如何在Apache Beam/Google Cloud DataFlow中通过多个ParDo转换处理本地文件上的操作 [英] How to handle operations on local files over multiple ParDo transforms in Apache Beam / Google Cloud DataFlow

查看:52
本文介绍了如何在Apache Beam/Google Cloud DataFlow中通过多个ParDo转换处理本地文件上的操作的处理方法,对大家解决问题具有一定的参考价值,需要的朋友们下面随着小编来一起学习吧!

问题描述

我正在为Google Cloud Dataflow开发ETL管道,其中有多个分支 ParDo 转换,每个转换都需要本地音频文件.然后将分支结果合并并导出为文本.

I am developing an ETL pipeline for Google Cloud Dataflow where I have several branching ParDo transforms which each require a local audio file. The branched results are then combined and exported as text.

这最初是一个Python脚本,它在单台计算机上运行,​​我正尝试使用GC Dataflow来适应VM Worker并行化.

This was initially a Python script that ran on a single machine that I am attempting to adapt for VM worker parallelisation using GC Dataflow.

提取过程从单个GCS存储桶位置下载文件,然后在转换完成后将其删除以使存储处于受控状态.这是由于预处理模块需要本地访问文件.通过自己重写一些预处理库,可以将其重新设计为处理字节流而不是文件—但是,在此方面的一些尝试并不顺利,我想先探讨一下如何处理并行化本地为了更好地了解框架,在Apache Beam/GC Dataflow中进行文件操作.

The extraction process downloads the files from a single GCS bucket location then deletes them after the transform is completed to keep storage under control. This is due to the pre-processing module which requires local access to the files. This could be re-engineered to handle a byte stream instead of a file by rewriting some of the pre-processing libraries myself - however, some attempts at this aren't going well and I'd like to explore first how to handle parallelised local file operations in Apache Beam / GC Dataflow in order to understand the framework better.

在这个粗略的实现中,每个分支都下载和删除文件,并进行了很多双重处理.在我的实现中,我有8个分支,因此每个文件被下载和删除8次.可以将GCS存储桶安装在每个工作人员上,而不是从远程下载文件吗?

In this rough implementation each branch downloads and deletes the files, with lots of double handling. In my implementation I have 8 branches, so each file is being downloaded and deleted 8 times. Could a GCS bucket instead be mounted on every worker rather than downloading files from the remote?

或者还有另一种方法可以确保为工作人员传递对文件的正确引用,以便:

Or is there another way to ensure workers are being passed the correct reference to a file so that:

  • 单个 DownloadFilesDoFn()可以下载一批
  • 然后将 PCollection 中的本地文件引用散布到所有分支
  • 然后最后一个 CleanUpFilesDoFn()可以将其删除
  • 如何并行化本地文件引用?
  • a single DownloadFilesDoFn() can download a batch
  • then fan out the local file references in PCollection to all the branches
  • and then a final CleanUpFilesDoFn() can remove them
  • How can you parallelise local file references?

如果无法避免本地文件操作,那么对于Apache Beam/GC数据流而言,最好的分支 ParDo 策略是什么?

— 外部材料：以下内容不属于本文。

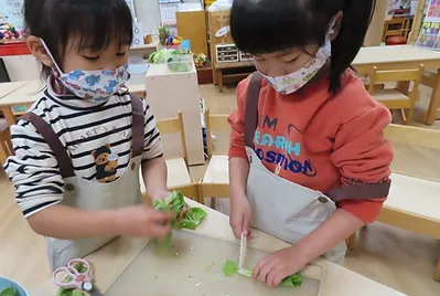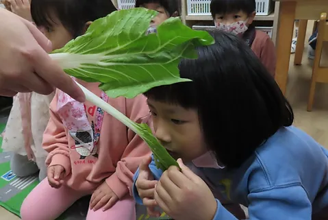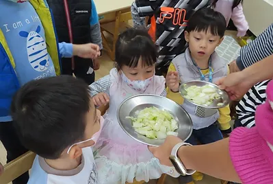 老師每日都會介紹午餐的蔬菜,藉由這樣的活動,讓小朋友認識食物的原形,並請小朋友用眼睛觀察蔬菜的外觀、用手觸摸感覺它的質地、用鼻子聞蔬菜的味道,午餐時在品嚐食物的味道,經過幾天的認識,小朋友對蔬菜有初步的認識,知道我們吃的蔬菜是它的莖葉部分,也知道怎麼處理蔬菜。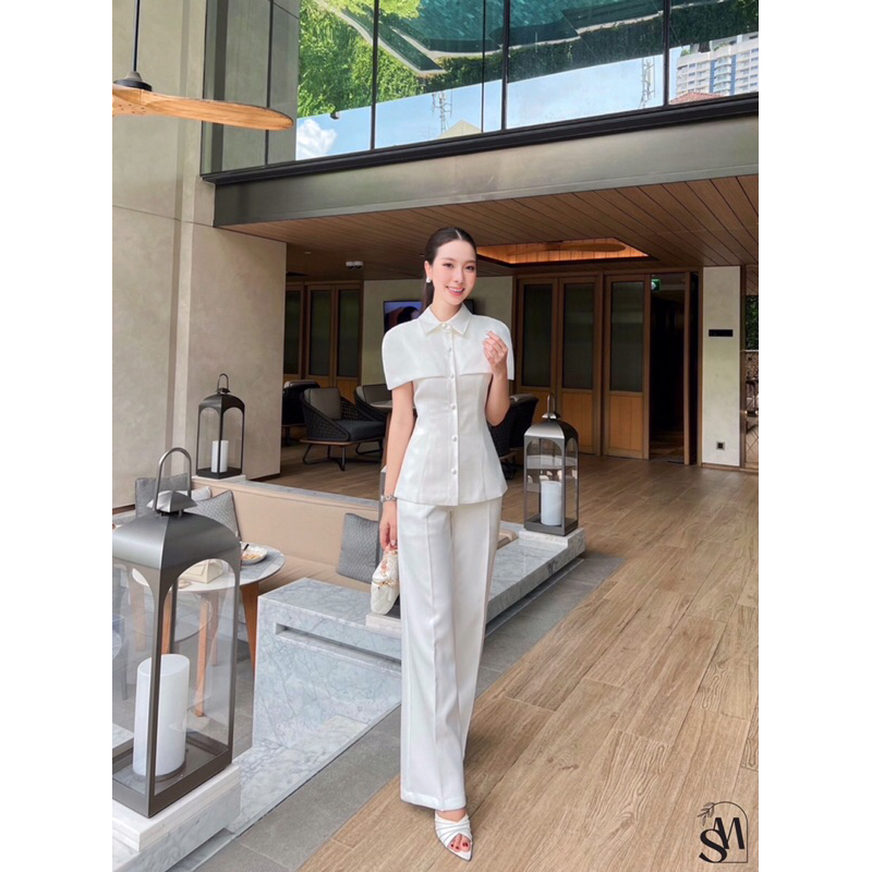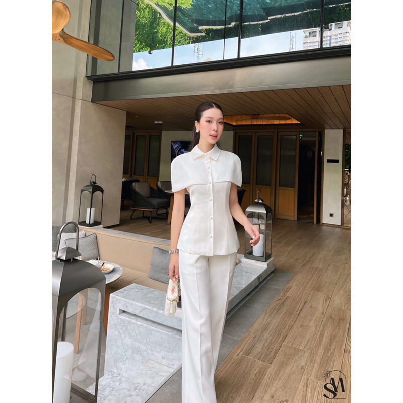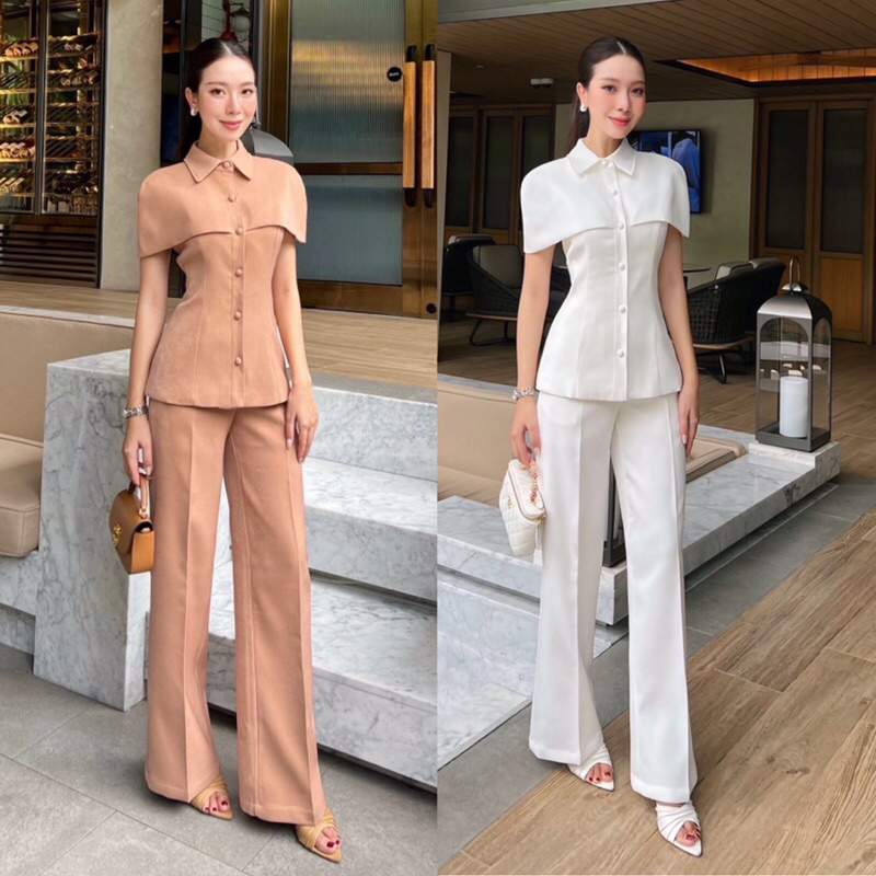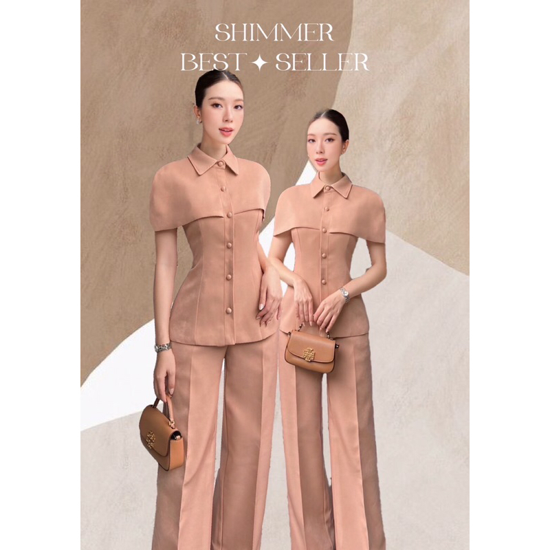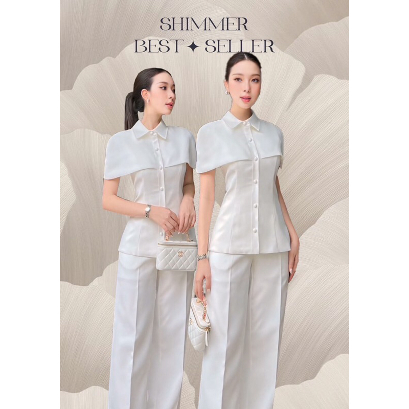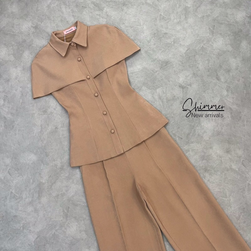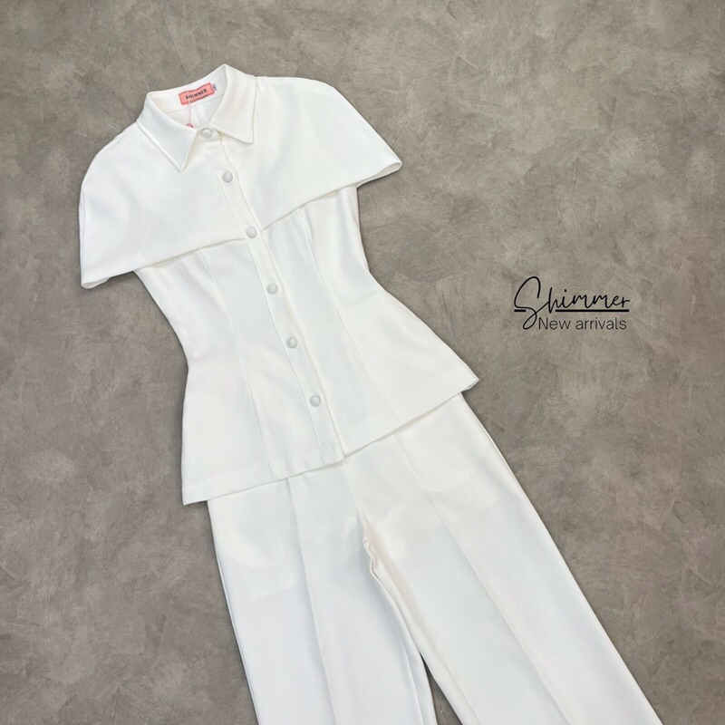 (S-XL)SHIMMER🎯set เสื้อคลุมไหล่+กางเกงขายาว••ออกงาน ทำงาน สวยเรียบหรู

What is the best branched ParDo strategy for Apache Beam / GC Dataflow if local file operations cannot be avoided?

为简单起见,我现有实现的一些示例代码带有两个分支.

Some example code of my existing implementation with two branches for simplicity.

# singleton decorator
def singleton(cls):
  instances = {}
  def getinstance():
      if cls not in instances:
          instances[cls] = cls()
      return instances[cls]
  return getinstance

@singleton
class Predict():
  def __init__(self, model):
    '''
    Process audio, reads in filename 
    Returns Prediction
    '''
    self.model = model

  def process(self, filename):
      #simplified pseudocode
      audio = preprocess.load(filename=filename)
      prediction = inference(self.model, audio)
      return prediction

class PredictDoFn(beam.DoFn):
  def __init__(self, model):
    self.localfile, self.model = "", model
    
  def process(self, element):
    # Construct Predict() object singleton per worker
    predict = Predict(self.model)

    subprocess.run(['gsutil','cp',element['GCSPath'],'./'], cwd=cwd, shell=False)
    self.localfile = cwd + "/" + element['GCSPath'].split('/')[-1]

    res = predict.process(self.localfile)
    return [{
        'Index': element['Index'], 
        'Title': element['Title'],
        'File' : element['GCSPath'],
        self.model + 'Prediction': res
        }]    
  def finish_bundle(self):
    subprocess.run(['rm',self.localfile], cwd=cwd, shell=False)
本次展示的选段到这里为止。